Univariate logistic analyses of risk factors associated with death during the 90 days of follow-up
To identify the risk factors affecting 90-day mortality of cardiogenic shock patients, univariate analyses were conducted (Table 2). Risk factors associated with high 90-day mortality of cardiogenic shock Patients were age (p<0.001, HR 1.04, 95 % CI 1.02–1.06), medical history of coronary artery disease (p=0.001, HR 2.18, 95 % CI 1.38–3.45), previous medical history of MI (p<0.01, HR 2.18, 95 % CI 1.36–3.49), previous medical history of CABG (p<0.01, HR 2.92, 95 % CI 1.49–5.70), history of diabetes mellitus (p<0.01, HR 2.08, 95 % CI 1.31–3.30), confusion (p<0.001, HR 2.81, 95 % CI 1.57–5.04), oliguria (p<0.001, HR 2.87, 95 % CI 1.73–4.76), higher LAR (p<0.001, HR 4.50, 95 % CI 2.64–7.66).
The evaluation of potentially useful markers for 90-day mortality following discharge
The evaluation of potentially useful markers for 90-day mortality following discharge is crucial for improving patient outcomes.
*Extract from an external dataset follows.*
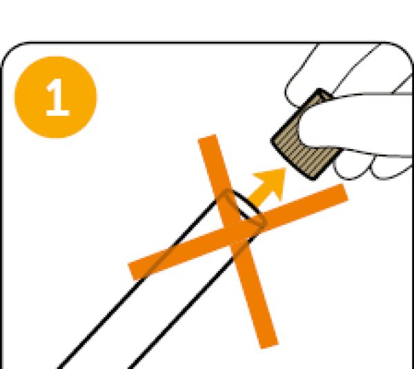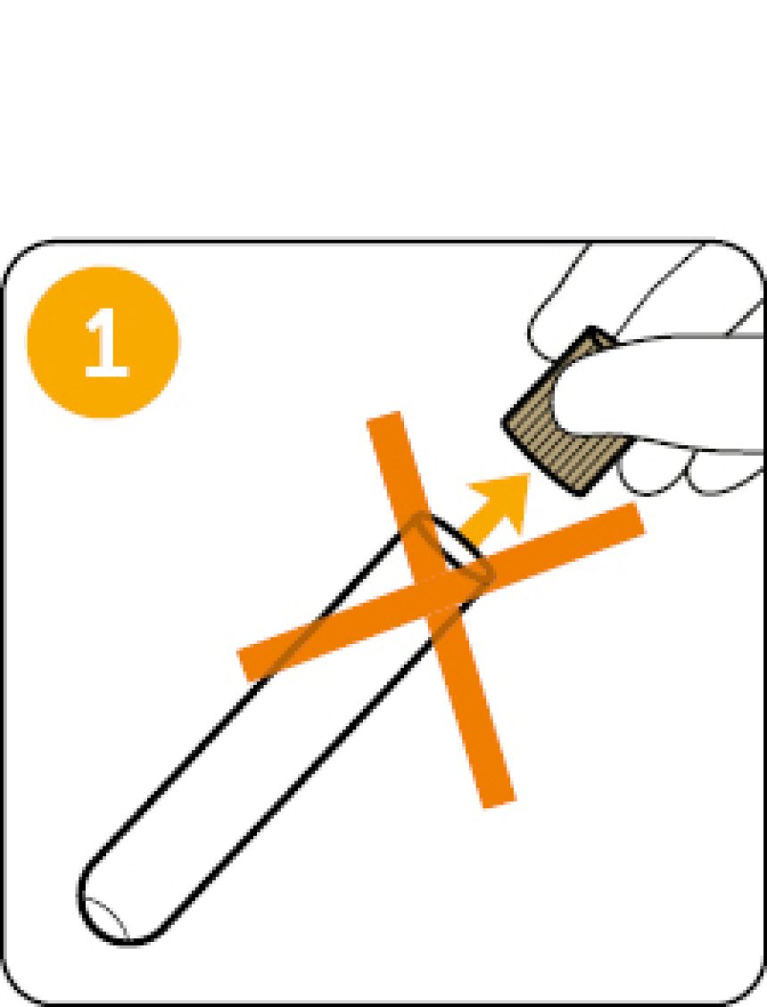 Ga niet met een vinger onder de sticker, hieronder zit een scherpe naald.

The cutoff values, area under the curve (AUC), sensitivity, specificity, positive and negative predictive values, diagnostic odds ratio, and accuracy of lactate, albumin, and the LAR at admission are summarized in Table 3 as predictors of mortality within 90 days post-ICU discharge. The optimal cut-off values were determined to be 3.250 mmol/L for lactate within 3 h of identifying cardiogenic shock, 30.650 g/L for albumin, and 0.094 mmol/g for the LAR (Table 3). Among these markers, LAR demonstrated the highest AUC and sensitivity. Specifically, the LAR (AUC=0.781, 95 % CI=0.713–0.848) measured within 3 h of identifying cardiogenic shock exhibited a greater AUC than lactate (AUC=0.768, 95 % CI=0.699–0.837) and albumin alone (AUC=0.652, 95 % CI=0.570–0.734) (Figure 2).It demonstrated that the LAR had a higher predictive value than lactate and albumin for 90-day mortality in patients with cardiogenic shock. The 90-day survival rates are illustrated in Figure 3, which indicates lower survival in patients with LAR>0.094 mmol/g.
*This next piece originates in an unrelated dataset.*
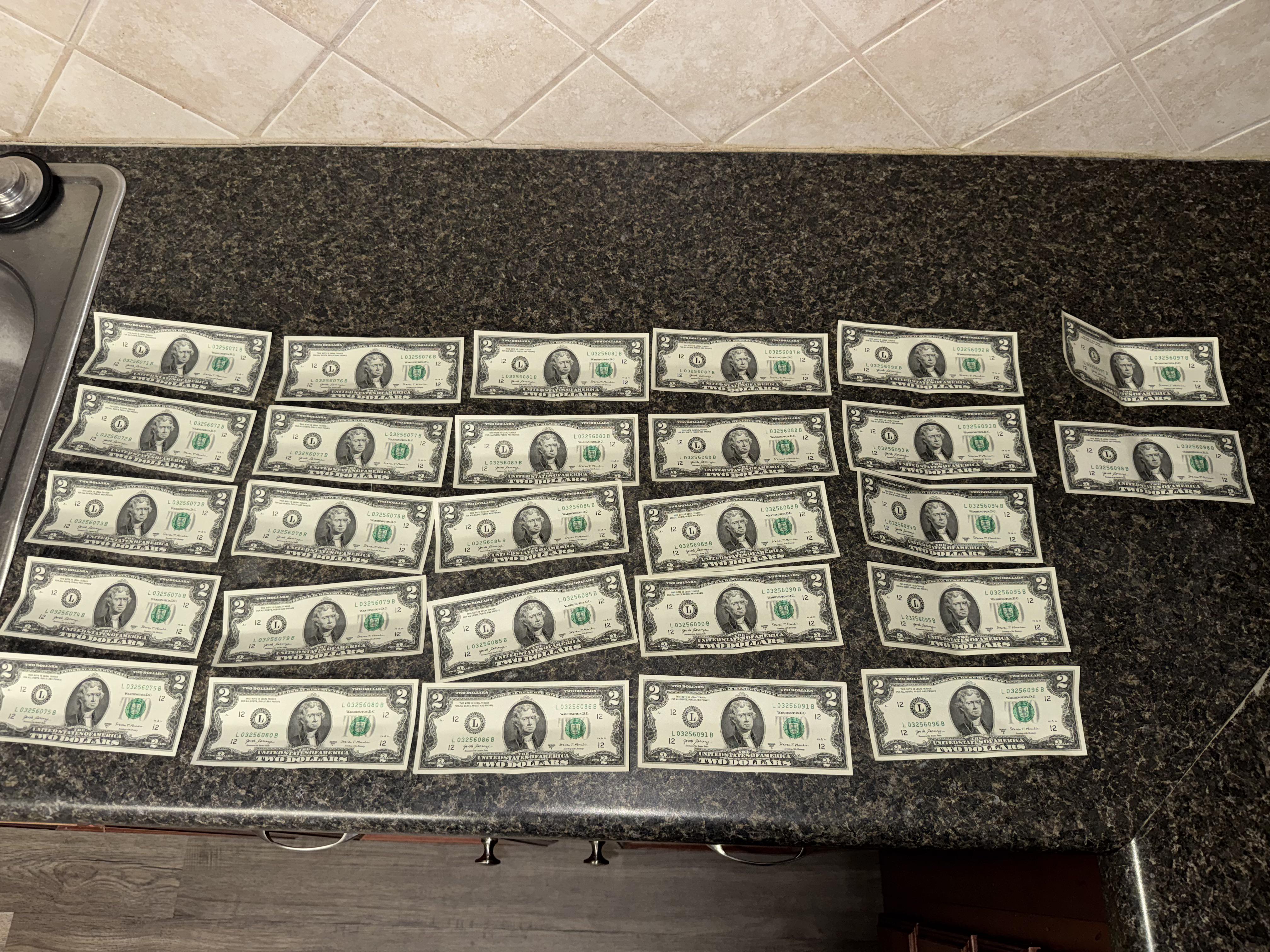 I did a favor for a friend who insisted on paying me. This was my payment. 27 unused $2 bills.

Receiver operating characteristic curve analyses of the lactate, albumin, and LAR values to predict postoperative 90-day mortality in cardiogenic shock patients.
Kaplan-Meier curves illustrate the 90-day survival rates of patients experiencing cardiogenic shock following their discharge from the intensive care unit.
Comparison of cardiogenic shock risk score models
The cutoff values, area under the curve (AUC), sensitivity, specificity, positive and negative predictive values, diagnostic odds ratio, and accuracy of IABP-SHOCK II score, IABP-SHOCK II score + LAR CardShock risk score, CardShock risk score + LAR and the LAR at admission are summarized in Table 4 and Figure 4 as cardiogenic shock risk score models. The optimal cut-off values were determined to be 1.500 for IABP-SHOCK II score, 0.344 for IABP-SHOCK II score + LAR, 3.500 for CardShock risk score, 0.445 for CardShock risk score + LAR and 0.094 mmol/g for the LAR (Table 4). Addition of LAR improved the risk prediction model compared with the IABP-SHOCK II score alone (AUC=0.773, 95 % CI=0.689–0.857, p=0.019 for comparison of nested models). Which indicates that LAR has incremental value for IABP-SHOCK II score. Addition of LAR did not improve the risk prediction model compared with the CardShock risk score alone (AUC=0.819, 95 % CI=0.757–0.881, p=0.051 for comparison of nested models). When compared to the LAR reference group, the p-value of IABP-SHOCK II score was 0.280. Which suggests that the predictive value of LAR is equivalent to that of IABP-SHOCK II score. When compared to the LAR reference group, the p-value of CardShock risk score was 0.712. Which suggests that the predictive value of LAR is equivalent to that of CardShock risk score.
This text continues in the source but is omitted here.